The house where Dianne and Laura played, |
When we were fourteen, her family moved from our hardscrabble Northeast L.A. neighborhood to a sedate suburb thirty miles away. We wrote letters, talked on the phone, and I spent summer weeks at her house. The years before she moved, we saw each other daily in class and spent many hours at each others’ homes. Those years coincided with a troubling period in my life and Laura and her parents provided a much-needed refuge for me.
During my childhood, I had close contact with someone who had a nervous breakdown, as it was called in the 1960s. This was manifested in wild, frightening, and sometimes dangerous delusions and behaviors. I was an unwilling participant in some of these paranoid, schizoid episodes. I remember looking into this person’s eyes, like Iris Thorne looks into Dolly DeLacey’s in Fast Friends, and seeing insanity. I’ll never forget it.
Ultimately, this individual was briefly committed to a mental hospital and underwent electroshock therapy, as happened to Dolly in the book. Shock therapy has been humanized since then but it was brutal in the 1960s. The description in Ken Kesey’s One Flew Over the Cuckoo’s Nest nails it. After this person returned home, there were no further psychotic episodes. Things were eerily calm yet still far from normal. Life continued on tenterhooks.
I’m not a person who dwells in the past. I spent my young adult years trying to distance myself from my history and spent little time thinking about the traumatic events that occurred when I was a young teenager. But after Laura died, I was drawn back to that period of my life. It was a story that I now felt compelled to tell.
A real-time catastrophe–the Northridge earthquake of 1994–happened while I was writing Fast Friends. The unpredictable nature of quakes makes them especially frightening but it also opens up a world of criminal possibilities. I started thinking…. What if someone commits a murder and carefully arranges the scene to frame someone, only to have the frame-up thwarted by an earthquake?

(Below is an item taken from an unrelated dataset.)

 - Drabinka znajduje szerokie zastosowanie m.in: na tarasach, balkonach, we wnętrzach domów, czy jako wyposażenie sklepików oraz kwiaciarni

The core of Fast Friends takes place in 1971 when Iris Thorne was fourteen and her family is undergoing a crisis. Iris’s family–her father Les, mother Rose, and older sister Lily–make their first appearances. I thought it was time. I didn’t want Iris to exist in a void. She’s very much a product of her background. The novel is set in the hilly, lower-middle-class Northeast Los Angeles neighborhood where Iris (and Laura and I) grew up.
Next door to the Thorne’s modest home is a ranch belonging to the DeLacey family. Wayward Paula DeLacey, who was inspired by my friend Laura, is Iris’s best friend. The focus of the DeLacey family is mentally ill wife and mother Dolly—tragic yet heroic in her own way. Each family member responds differently to Dolly’s illness. Some manipulate it for their own ends. Paula is angry at her mother for her bouts of insanity but fearful that she’s inherited “the crazy gene.”

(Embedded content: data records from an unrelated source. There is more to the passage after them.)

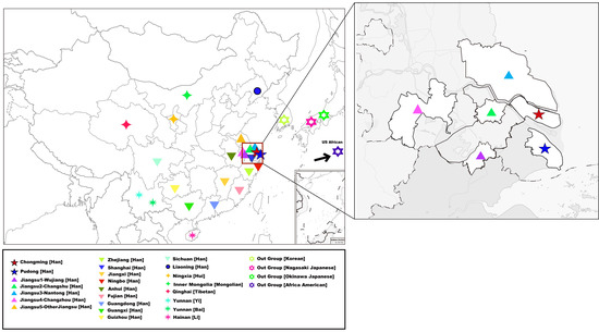 - Chen, J.; Zheng, H.; Bei, J.-X.; Sun, L.; Jia, W.; Li, T.; Zhang, F.; Seielstad, M.; Zeng, Y.-X.; Zhang, X.; et al. Genetic Structure of the Han Chinese Population Revealed by Genome-Wide SNP Variation. Am. J. Hum. Genet. 2009, 85, 775–785. [Google Scholar] [CrossRef] [PubMed]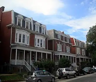 The Buildings at 1644–1666 Park Road NW are twelve semi-detached row houses in the Mount Pleasant neighborhood of Washington, D.C. They are typical of speculative row house development in the neighborhood.[2] The houses were designed in the Colonial Revival style by Washington architect Appleton P. Clark Jr., and completed in 1906. They are a few of such houses that he designed and exemplify his facility for eclectic design and sophistication.[2] The houses are three stories in height and the exteriors are covered in brick. They feature slate Mansard roofs and wooden front porches. The styles of the main facades alternate and contain shallow oriel windows, prominent dormers and curved pediments. They were listed in the National Register of Historic Places in 1986.[1]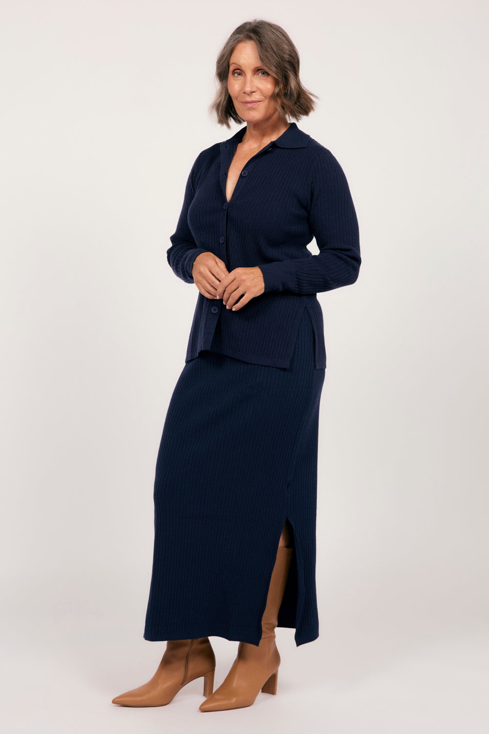 I purchased the skirt and matching top in both cacao and olive green. Super happy with colour, softness of the knit and the side splits really finish the skirt nicely. I took the advice and sized down. Could have even gone a size smaller. Had to exchange on a couple of occasions with some buys. Big shout out to Helen in Customer Service. She is so pleasant and helpful. Makes buying online a breeze!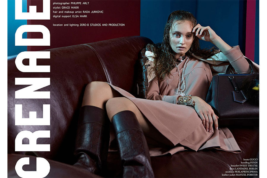 Elena Deger trägt unser Landadel Babydoll Dress - ROSÉ in der aktuellen Ausgabe des NOCTIS MAGAZINE

The story is bookended by two major earthquakes. In the early morning of the big San Fernando earthquake in 1971, the dramas being played out in the Thorne and DeLacey families collide–resulting in a murder that will remain unsolved for over twenty years until the 1994 Northridge quake reveals long hidden secrets. I was living in Los Angeles during both those earthquakes, experiences I’ll never forget and that are too crazy to not fold into my fiction.
Fast Friends is the story of old rivalries, family dynamics, local politics, and murder. It’s also about the enduring quality of friendship and coming to terms with childhood traumas from the safe haven of adulthood. Thanks, Laura.